Il est ainsi sain d’avoir d’autres passions et de savoir quoi faire une fois à la retraite. Sinon celle-ci semble être un passage plus ardu qu’il ne l’est réellement.

Il est ainsi essentiel de définir clairement la nouvelle vie à laquelle le retraité peut s’attendre. Le but étant de ne pas voir la retraite comme une fin, mais comme une étape pour réaliser enfin des projets que l’on remettait sans cesse faute de temps.

Fixer une date de sortie

L’une des tâches les plus importantes lors d’une succession est tout simplement de fixer une date limite. Selon les experts, même si cette date est éloignée, il est essentiel de fixer un délai précis pour la transition afin de s’assurer qu’elle a bien lieu.

Un des problèmes que l’on retrouve souvent lors de succession, c’est que finalement le patron décide de ne pas partir.

« Le propriétaire s’est vu retirer certaines choses de son assiette, et il a commencé à apprécier un peu plus son travail. La date de leur départ à la retraite a donc été repoussée, repoussée et repoussée, et maintenant elle est inexistante », rapporte Nick Gertsema, 39 ans, planificateur financier agréé à Saint-Joseph (Missouri), chez Gertsema Wealth Advisors.

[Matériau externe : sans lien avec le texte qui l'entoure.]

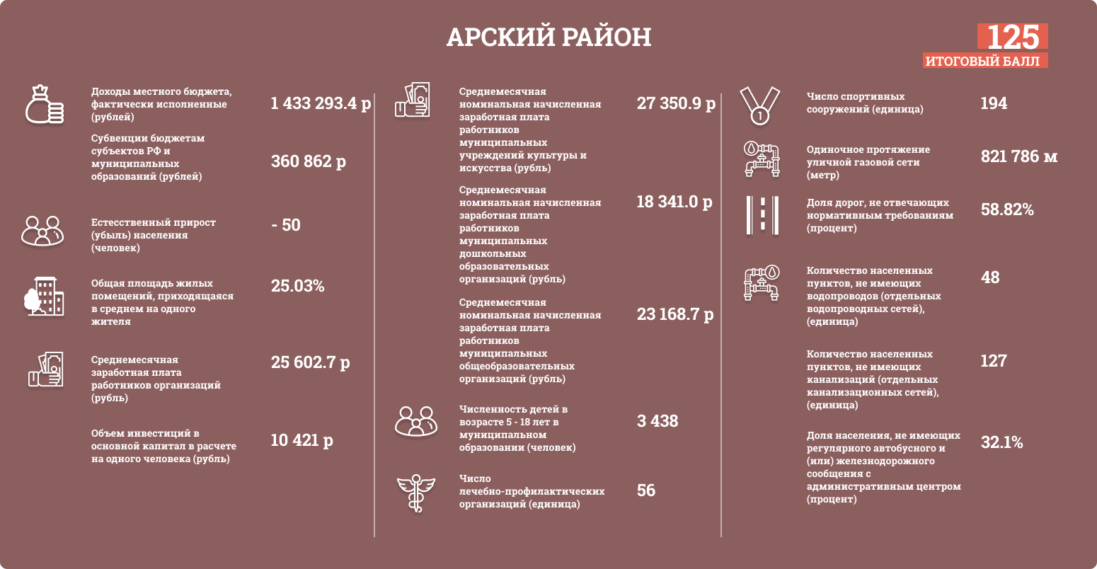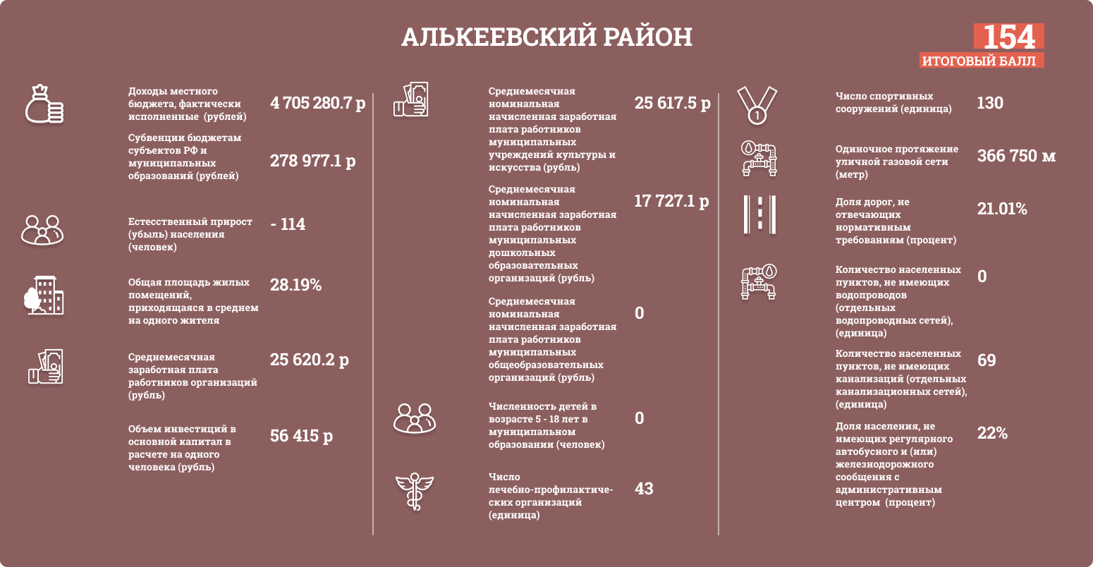Районам присваивались баллы в зависимости от положения в таблице. Чем больше значение — тем выше балл. Исключением стали показатели с негативными факторами, например, количество сел без водопроводов. Эти баллы вычитаются из общей суммы. Всего были проанализированы данные 43 районов и двух городских округов.
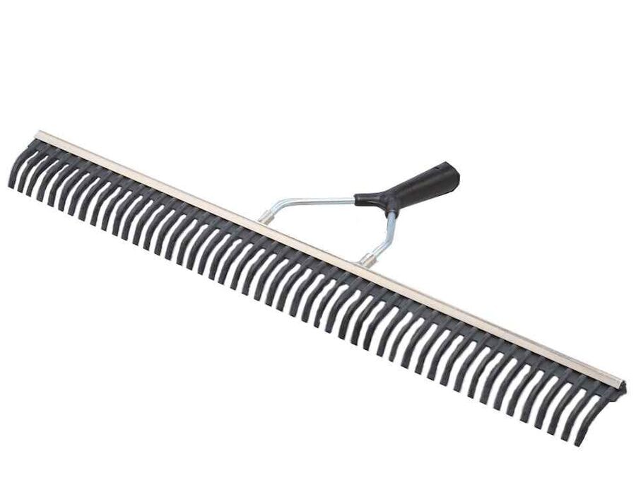Tennisvallarhrífa úr gúmmíi, til að fjarlægja lauf, gróður og úrgang á tennisvöllunum. Fylgir án tréhandfangs (Ø 28 mm). Veldu á milli 50 og 75 cm á breidd.

Il faut que la personne qui prend la relève sache qu’à un moment tout sera vraiment à elle et qu’elle ne dépendra plus de l’ancien patron.

Apprendre à lâcher prise

Le lâcher-prise est un autre défi pour les patrons. Lorsque vient le moment de céder la place à la relève, il faut être capable de s’ouvrir aussi à leurs propositions et idées. Il n’est pas évident de perdre le contrôle, mais le successeur a besoin d’une certaine marge de manœuvre pour diriger l’entreprise à sa façon, et même pour faire quelques erreurs.

Même si l’on pense que sa façon de faire est la meilleure, il est bon de s’ouvrir également à d’autres méthodes, surtout si l’on compte quitter l’entreprise dans peu de temps.

Le successeur doit avoir la possibilité de s’épanouir dans son nouveau rôle de dirigeant, et les anciennes méthodes ne doivent pas devenir l’ennemi des nouvelles.

Communiquer

Pour qu’une succession fonctionne, il faut une transparence totale sur l’entreprise. Il peut falloir du temps au propriétaire pour se sentir à l’aise avec cela. Pour aider à cela, Brooklyn Brock recommande de passer progressivement aux informations les plus sensibles, comme les évaluations et les bilans de performance.

Pourquoi ne pas non plus faire signer aux deux parties un accord de non-divulgation dès le début des négociations, afin que chacun se sente à l’aise pour être franc.

Il peut aussi être bon de se tourner vers une aide extérieure pour s’assurer que les conversations se déroulent sans heurts. L’important est que chacun puisse réfléchir à voix haute à la succession sur une base régulière avec une personne de confiance.

« S’ils n’en parlent à personne, c’est un signal d’alarme qui indique qu’ils ne gèrent pas leurs émotions, qu’ils vont avoir la frousse parce qu’ils n’y ont pas réfléchi complètement », conclut Brooklyn Brock.